By 2005 it seems a Canadian biographer and Munro’s Canadian publisher definitely knew the drift. They chose to clam up, for what looked like selfish reasons.
Well, the genie’s out now. While Munro’s stories would be mighty difficult to erase, her personal reputation takes a hiding. A "Royal Beating", to quote a saying she once riffed on.
Don’t blame the daughter
When Skinner originally challenged her abuser and her mother, the aftermath was dismal.

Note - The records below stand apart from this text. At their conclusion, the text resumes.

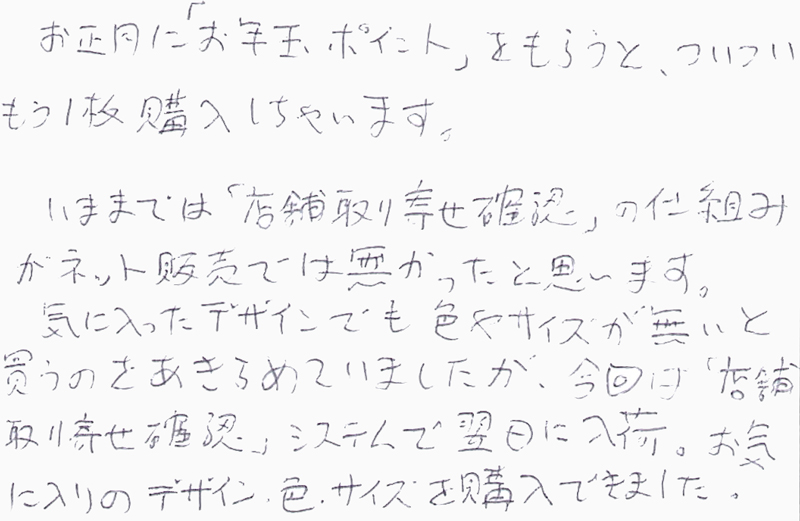 お正月に「お年玉ポイント」をもらうと、ついついもう1枚購入しちゃいます。いままでは「店舗取り寄せ確認」の仕組みがネット販売では無かったと思います。気に入ったデザインでも色やサイズが無いと買うのをあきらめていましたが、今回は「店舗取り寄せ確認」システムで翌日に入荷。お気に入りのデザイン・色・サイズを購入できました。
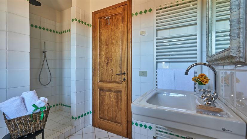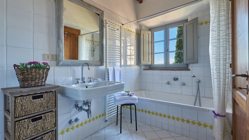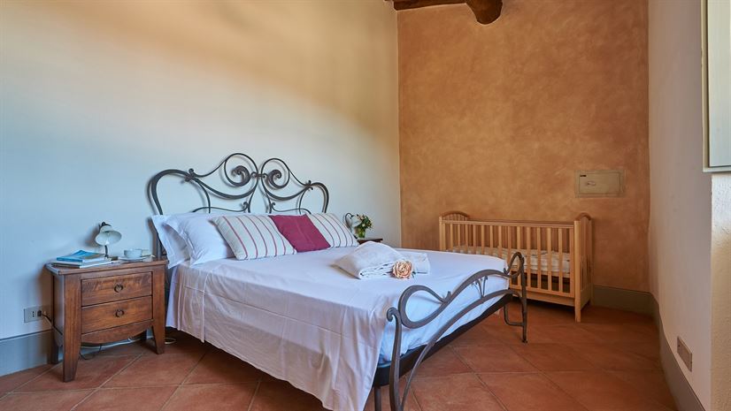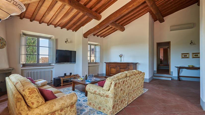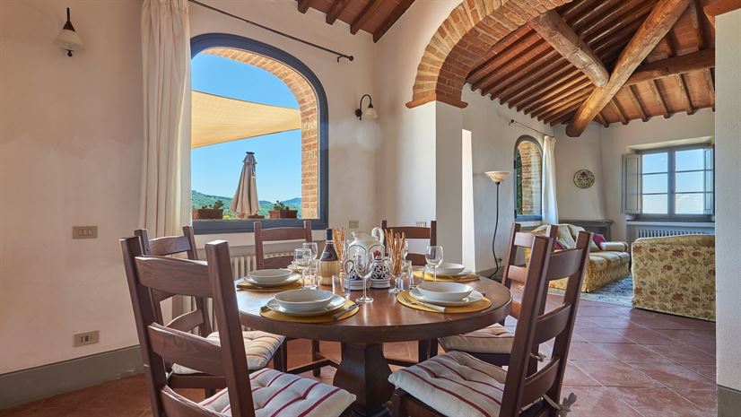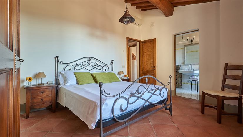 Eine geräumige Ferienwohnung im zweiten Stock, deren schöne Einrichtung eine Mischung aus traditionell-toskanischen Stilelementen und modernen Einrichtungen darstellt. Dazu gehört auch eine große, sonnige Terrasse mit atemberaubender Aussicht - der ideale Ort für ein gemeinsames Essen!
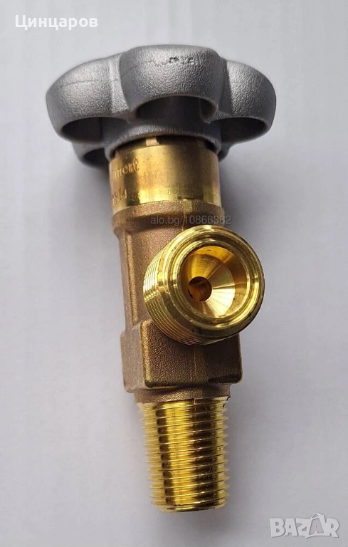 Бутилка кран малък конус 17мм.основа, технически газове аргон, коргон, хелий

Grotesquely, the former smeared her as a “Lolita” and “homewrecker”. Allegedly, the latter saw a rival, as distinct from a victim.
When the victim finally went to police in 2005, the abuser got a 'suspended sentence and probation for two years'. Munro stayed loyal, until he died in her Nobel year.
Candidly, Skinner admits personal motives for upping the ante again after her mother’s death. She wants her experience to become 'part of the stories people tell about my mother'.
Fair cop, I’d say. Better late than never.
Genius will sacrifice others
One Munro critic, writer Rebecca Maccai said:
'Alice Munro was no better than the miserable women she wrote about.'
This is a fair call from Maccai, herself an abuse victim. Morally, the LA Times headline is allowable. But very few women, miserable or otherwise, can excel like Munro.
I prefer this comment, from another writer Jess Row:
'She chose over and over to shelter and defend a paedophile, because anything else would have threatened her art.'
My same review claimed Munro had 'achieved much of what was originally within her reach'. Still true I reckon — but let’s contemplate the counterfactual.
What if Munro’s creepy husband had been convicted in the 1970s or 1980s with his offences being publicised?
This could have cramped Munro’s writing motivations and choices. When I first lucked on to her in the 1970s, she wasn’t a household name. Quite possibly, she wouldn’t have hit the heights she did in the following decades.
That Nobel bonbon? Don’t think so.
In crass terms then, Munro’s Faustian trade-off was a canny career move. It’s not evident she harboured overwhelming regrets.
Coming to my mind now, are favourite lines from rock singer and author Greg Kihn:
“Everybody needs somebody else that they can sacrifice
And everybody needs some self-esteem.”
As a mediocrity, what would I know about the human sacrifices a genius might or might not be prepared to make? To scale Olympic heights of esteem.
Stephen Saunders is a former public servant, consultant and 'Canberra Times' reviewer. He is on the Sustainable Population Australia Executive Committee.